Associations With Drug-taking Stimulates Glutamate Transmission to Nucleus Accumbens
Anterior cingulate cortex and amygdala neurons contain glutamate which signals to neurons in the nucleus accumbens
Glutamate is involved with learned associations with the drug-taking environment
When shown a cue (e.g. picture of drug paraphernalia), it triggers glutamate release. Then the glutamate goes into the nucleus accumbens which causes cravings!
Treatments for Addiction
Glutamate in the nucleus accumbens triggers craving in abstinent individuals
Future treatments may involve specific glutamate receptor antagonists or agents that normalise glutamate levels
Example of glutamate receptor antagonist that may help lessen glutamate in the nucleus accumbens, and thus, lessen cravings
N-acetylcysteine (NAC)
N-acetylcysteine (NAC), which is a glutamate antagonist, helps regulate glutamate levels so that there are no ups or downs, or triggers.
It is not effective for smokers, but may be effective for cocaine users.
is also a mu opiate receptor agonist (like heroin)
binds to the mu opiate receptor for longer than heroin - reduces the ability for heroin to work (receptors are already bound - so prevents other opiates like heroin from binding)

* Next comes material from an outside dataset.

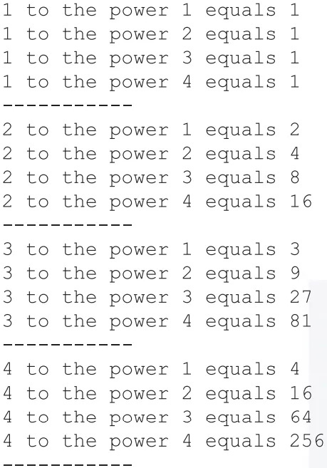 代码的第二部分通过一个for循环调用pwr()函数从1到maxCount+1的值。它的输出如下所示:

due to slow mechanism of action, less “rush” associated with methadone use
Treatment for Heroin/Morphine Addiction
Buprenorphine
binds to receptors but has less efficacy (partial agonist) than methadone
Partial agonists have affinity but lower efficacy than full agonists. But they're also not antagonists. They have both agonist and antagonist properties.
They bind to the receptor and stop other drugs from binding there as well. They don't have much of an effect themselves but they're not antagonists.
replacement therapies
Buprenorphine with naloxone is Suboxone
Treatment for Heroin/Morphine Addiction
Naloxone & Naltrexone
Mu receptor antagonist
compliance is a problem
Used for emergency in OD (eg. Naloxone Minijet – prefilled syringe)

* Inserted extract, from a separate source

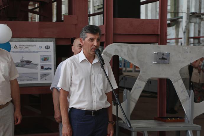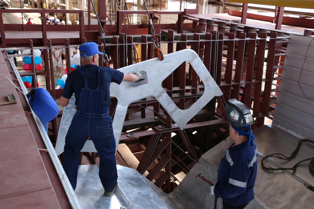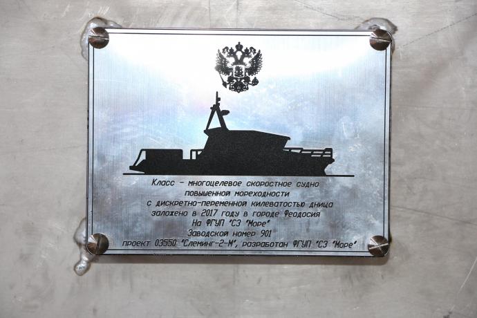 Символическая церемония, посвящённая установке закладной доски на ММС проекта 03550, состоялась 14 июня 2018 года,

Methadone acts at mu opiate receptors but has less addictive potential than fast-acting heroin. It reduces heroin from acting at mu receptors.
Blue dots = mu opiate receptors
Methadone is essentially replacing heroin
Naloxone is an antagonist at mu opiate receptors. It blocks heroin from increasing dopamine.
Comparison of treatments for heroin addiction
Methadone acts like heroin and stops it from having an effect. VS Naloxone is a true antagonist as it binds (affinity) but has no efficacy - just blocks heroin from binding to mu opiate receptors.